Moreover, how will the American deep state utilize big tech to hijack minds and formulate control thoughts when there are no gadgets to manipulate people with? Imagine what will happen in America if the people actually can take their minds back, and have minds of their own?

We live in an interconnected world. Trump forgot that when he tried to decouple America from everyone but itself.

The start of the ending of globalization began when Donald Trump was elected president of the United States. Everything he has done since his political ascendency has been to shut down the valves of the arteries that connect us globally. His own ideas of America first and everyone else being kicked outside does not make for a healthy world. The coronavirus is now bringing all of that into sharp focus.

As testing and cures for the coronavirus are limited to the rich and privileged, human rights as a universal value suddenly seems to be the exclusive privilege of the rich when crisis hits. Prime Minister Boris Johnson of the United Kingdom bluntly announced that it would be too bad that so many people will die, but everyone has to just get the coronavirus in order to build immunity. Sweden limits quarantine and treatment to only those about to die, saying the coronavirus only attacks the old and weak not the young. France refuses testing altogether.

So what happened to equality and human rights? Don't the middle-aged, elderly and weak have a right to live? Is the West now redefining the definition of human rights? Are human rights the right to medical treatment and the right to life? Or are human rights the right for everyone to have a gun and use it?

If our ballot vote does not mean anything because our Western politicians are virtual reality show performers, at least we can vote with our money. Maybe it is time for reform of our global financial markets. That begins with investment portfolio strategies being rearranged.
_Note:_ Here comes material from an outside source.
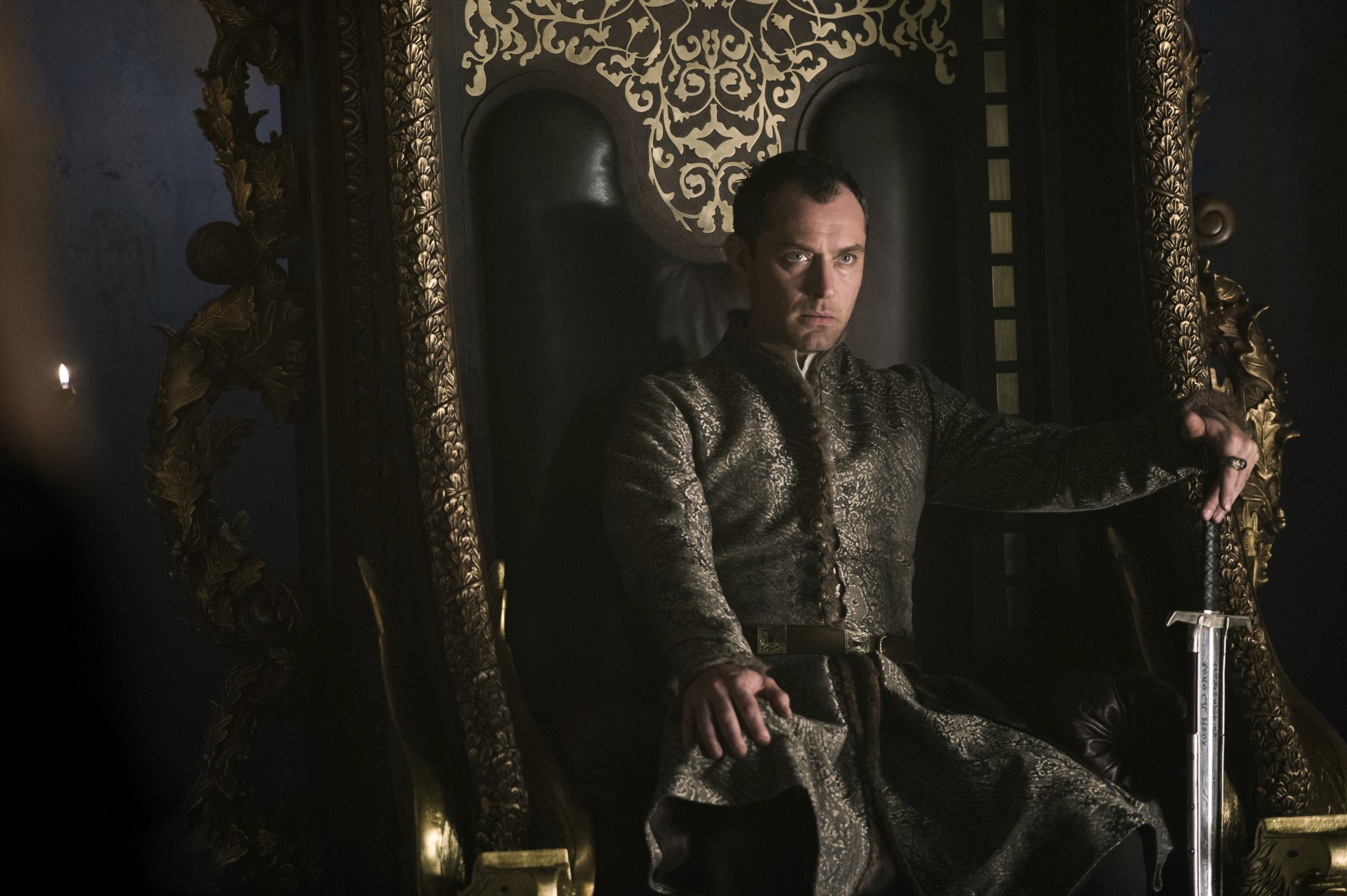 Uther doesn’t notice the lean and hungry look on his brother, the slithery Vortigern (Jude Law, supplying prerequisite villainous scowling).

Now that we are all under house quarantine across the world, it is a good time to take a breath and actually think. Do you want to invest in something like Facebook that steals your data and then pollutes the thoughts of your children with anger-fostering videos and deluges of hatred by overnight social media stars? Or would you rather invest in technology companies that are developing green energy and comprehensive healthcare solutions for a clean future? You choose.